Have they got an e.mail addy and any idea of what they charge for rallies per night?

Jacquie


----------



## GARCAT (May 1, 2005)

*warrington rally site*

not yet but on list to do, jeff did not charge country and western group, as they used club bar and cafe and in this day and age getting people in any bar is a bonus they had there own entertainment in the club, and have re booked for next year plus odd weekends 
cheers garry any queries ring jeff sutton at club


----------



## dodger148 (May 9, 2005)

Garcat, 

Thats the old Winwick Hospital Social Club. 

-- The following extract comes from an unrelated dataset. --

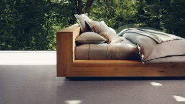 The dining room is floored in the same pale timber as the door frame, and has a single white column positioned in the corner to support the floor of the bedroom above.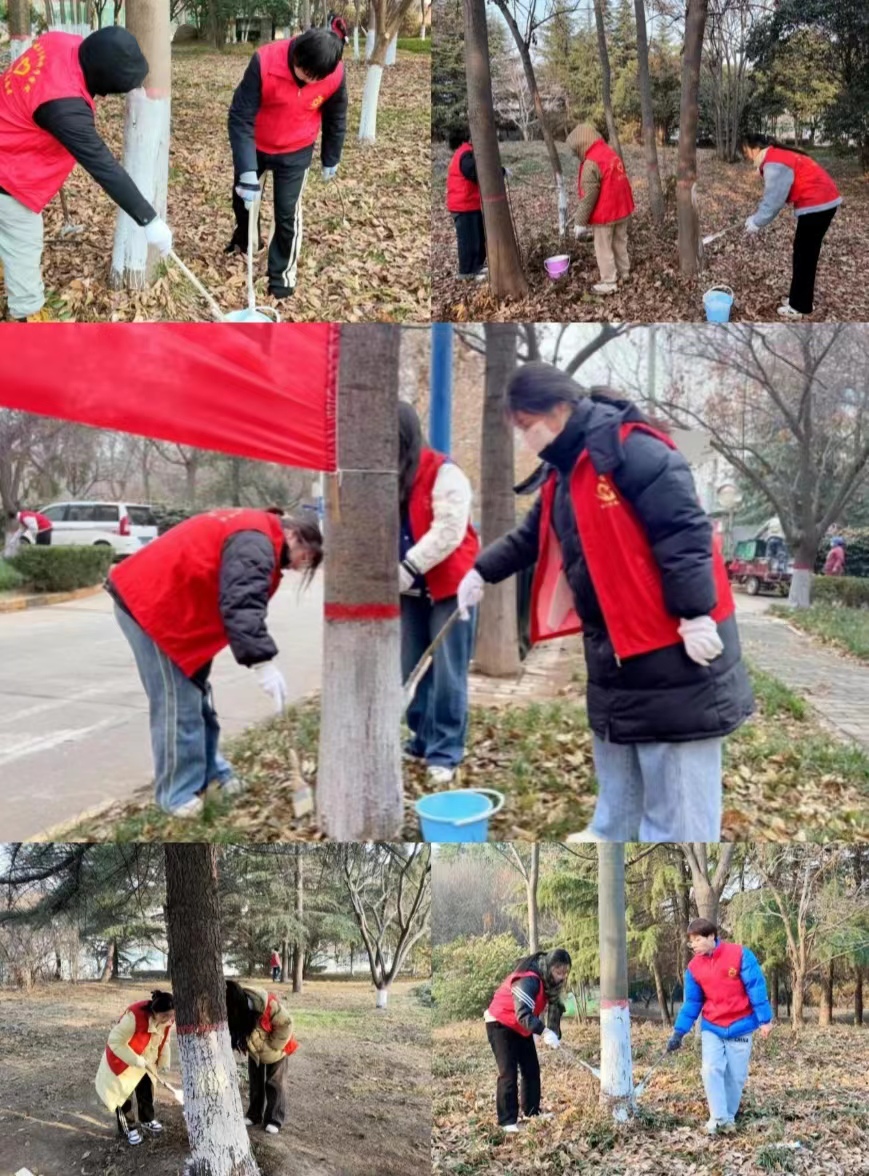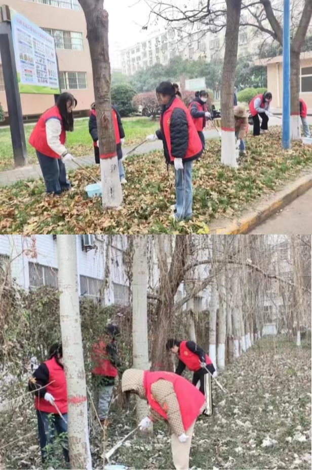 活动现场,同学们手持刷子,一丝不苟地为校园内的树木装扮,确保每一棵树都能得到充分的保护,大家热情高涨,不怕脏、不怕累,一排排、一行行整齐又洁白的树干成了冬日里校园一道靓丽的风景线。

If so this has to be one of the easiest venues for motorhomers to get to. Spitting distance off the M62 and about 1 mile of dual carriageway from the M6

We are just down the road


----------



## GARCAT (May 1, 2005)

hi website for warrington club is hollinsparkcountryclub it shows plcs of previous meets 
cheers garry


----------



## dodger148 (May 9, 2005)

Cheers, have been and spoke to Jeff, sent info to LadyJ


----------



## Zozzer (Aug 13, 2006)

As I live very close to this venue my ears pricked up immediately.
Not only would it make and ideal spot for a rally it would also make an excellent spot for a British style Aire/Stellplatz with an excellent park and ride service into Warrington from across the road at B&Q. As can be seen below it's already being talked about in the world of road haulage as a new truck. Not sure how it would pan out for regular overnight stops at the weekend, as they hold several massive carboot sales on a Sunday.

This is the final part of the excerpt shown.